Saturday, April 16, 2005

cliquey AI

so I'm working on this paper called "Synthetic Social Construction for Autonomous Characters" to be submitted to AAAI workshop on Modular Construction of Humanlike Intelligence. the general idea i'm using is taking the social construction of self and applying to autonomous agents.

if you're not too familiar, social construction of self says that we base our self concept on the actions of others, both the actions they take toward us and the interactions they have with one another. to quote from the draft:
When one is the recipient of another’s actions, one changes one’s conception of one’s self depending on what actions were taken; if I am repeatedly mocked and insulted, I may begin to hold myself in lower regard. When another is the recipient of similar actions, one sees one’s self as similar to that other; if someone else is also repeatedly mocked and insulted, I could consider myself similar to him or her. When such similarities are in place, one takes one’s cues for social action (or inaction) from those that one considers to be similar to one’s self. If the other person who had been repeatedly mocked and insulted became indignant and demanded that others stop treating him or her in that manner (or if the other person remained tacit and bore the attack in silence), I might be inclined to have a similar reaction (or lack of a reaction).
so, agents identify other agents to whom they bear a good deal of similarity and then emulate those other agents' actions. currently, i'm applying the concept to an implementation in the virtual raft project. to allow the user a good visualization of when the characters on the island think that they are similar to one another, I wrote some clustering code, such that the characters will gravitate towards other characters with a high degree of similarity and won't stay in close proximity other characters with a low degree of similarity.

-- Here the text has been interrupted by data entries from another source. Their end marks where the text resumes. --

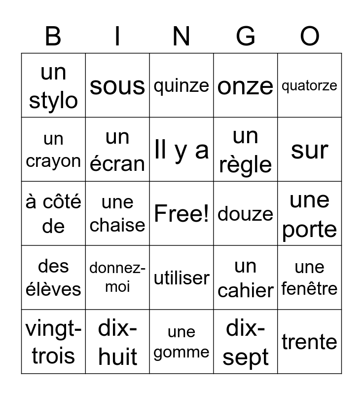 This bingo card has a free space and 44 words: vingt, trente, vingt et un, vingt-trois, vingt-neuf, dix-sept, quinze, treize, quatorze, dix-huit, onze, douze, utiliser, donnez-moi, un taille-crayon, une gomme, une horloge, à côté de, dans, sur, sous, J'ai besoin de, un feutre, un stylo, une carte, une porte, une affiche, un classeur, un cahier, des élèves, la salle de classe, une fenêtre, une prof, un tableau, une chaise, un ordinateur, une feuille de papier, un sac à dos, Il y a, un crayon, un règle, un bureau, un écran and écrire.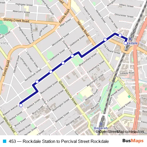 Bus 453 - Rockdale Station to Percival Street Rockdale Schedule in Sydney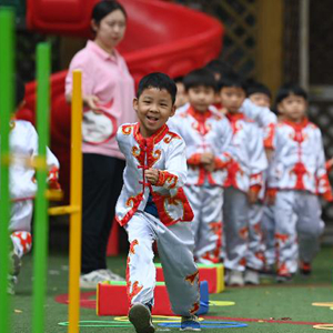 當日,天津市和平區第五幼兒園舉行秋季趣味運動(dòng)會(huì ),通過(guò)旱地龍舟等具有特色的游戲項目,讓孩子們在運動(dòng)中感受童趣與歡樂(lè )。
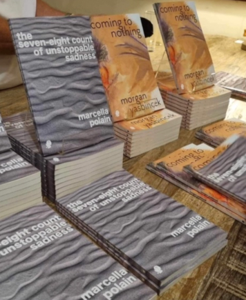 the seven-eight count of unstoppable sadness by Marcella Polain, Puncher & Wattmann, 2023 and coming to nothing by Morgan Yasbincek, Puncher & Wattmann, 2023, were launched by Lucy Dougan at the Bar Orient, Fremantle on the 27th of November, 2023.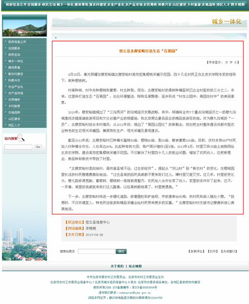 下一步,北穆家峪村将进一步硬化道路,修葺围栏和护地坝,并修建亭台长椅,供村民和游人随处小憩。“到那时,不仅环境宜人,特色民俗旅游和精品采摘会给村民带来更多的实惠。”北穆家峪村村支部书记穆德林信心满满地说。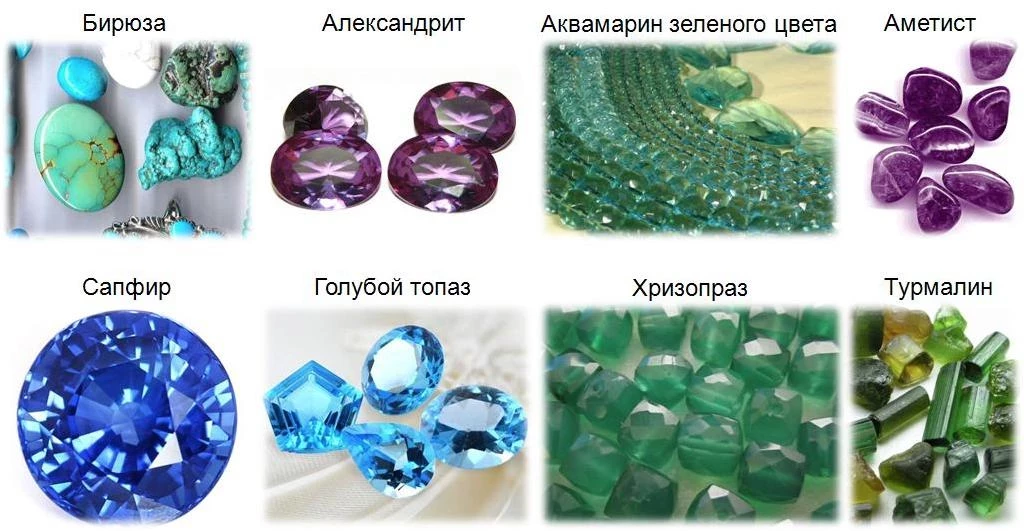 Их самоцветы: лазурит, аметист, кварц, агат, тигровый глаз и кровавая яшма.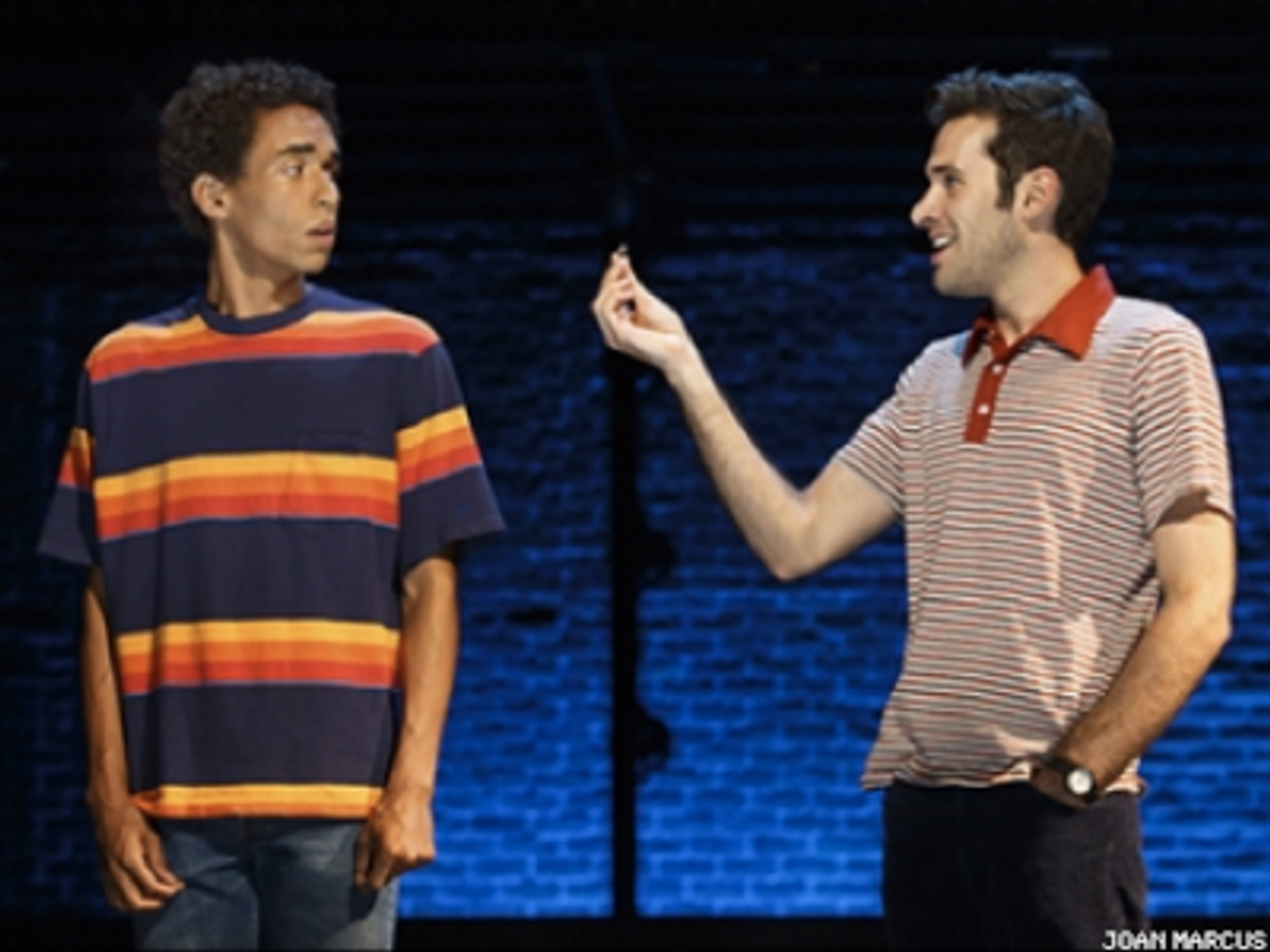 An old wedding ring strengthens the bond between superhero-obsessed Brooklyn boys, black Gus and Jewish Dylan -- dynamic duo Kyle Beltran and out actor Adam Chanler-Berat -- in Itamar Moses and out composer Michael Friedman's soaring, soulful adaptation of Jonathan Lethem's 2003 coming-of-age novel. Dylan recalls Gus as "my best friend, my lover" in the book, but the magical-realist musical, helmed by Daniel Aukin, only hints at sexual experimentation.

while testing, it occurred to me that it might appear to the average observer that the characters on the islands were forming cliques -- by choosing to "hang out" with other, similar characters, they appeared to be excluding dissimilar characters from their social circles. in reality, the dissimilar characters were "choosing" (I use the term loosely) not to hang out with one another. however, it really looks like they are forming cliques.

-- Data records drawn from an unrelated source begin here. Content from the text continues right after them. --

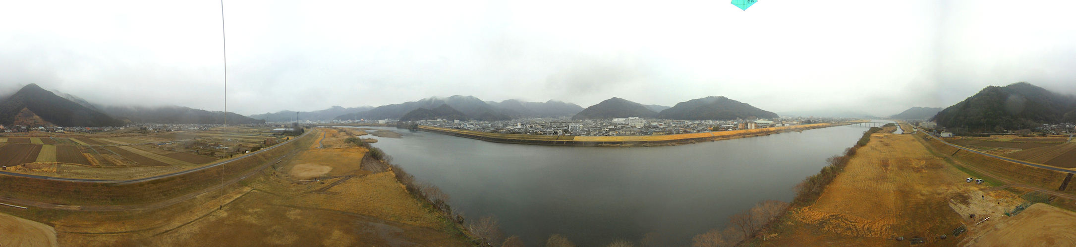 2012年3月4日撮影 曇りで霧雨の中凧を揚げGoPro HDで撮影した5枚の写真から合成したパノラマ写真です 毎年3月の第1日曜日は女島地区の方が毎年生まれた子供たちの名前を書いた凧 を揚げる大会と聞いていたのですが 天気が悪いのか凧揚げ大会はやっていませんでした。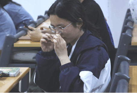 同学们了解基础知识后,晏智邀请感兴趣的同学上台进行茶艺展示,“茶艺中蕴含了古韵美、色彩美、汤色美等美之相,大家可以好好感受一下。”在温和的讲解、典雅的音乐配合下,淡淡的茶香逐渐充满了整间教室,同学们不由自主走上讲台共同参与到品茗中来。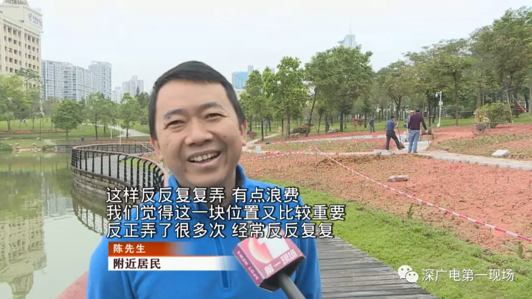 深廣電第一現(xiàn)場(chǎng)2019年3月25日訊 道路反復(fù)開(kāi)挖是廣大市民對(duì)于城市建設(shè)過(guò)程中最不滿意的一種現(xiàn)象。除此之外,把公園里面的綠地來(lái)回折騰也很容易引起人們的質(zhì)疑,最近就有觀眾向《第一現(xiàn)場(chǎng)》反映。中心公園里的一塊草坪,反復(fù)折騰快半年了也沒(méi)弄出個(gè)模樣來(lái)這到底是要搞哪出?

so this led me to a line of thought on which i'd like some input. we tend to try and build into AI the things we admire or value in humanity: intelligence, emotion, common sense -- generally, those things that we believe set us apart from other complex entities. what about some of the less pleasant aspects of human behavior, such as irrationality, deception, jealousy, or, in this case, a sort of social elitism? i'm not saying we should or shouldn't pursue implementing such aspects, rather i am asking. perhaps we don't want deceptive AI, as that may lead to the host of fates described as sky lab, the matrix, etc. perhaps we do want deceptive AI, as it might lead to a greater understanding of human deception or, ultimately, help us develop AI that is that much closer to emulating human behavior.

so, I ask, should we recreate the good with the bad and make cliquey AI?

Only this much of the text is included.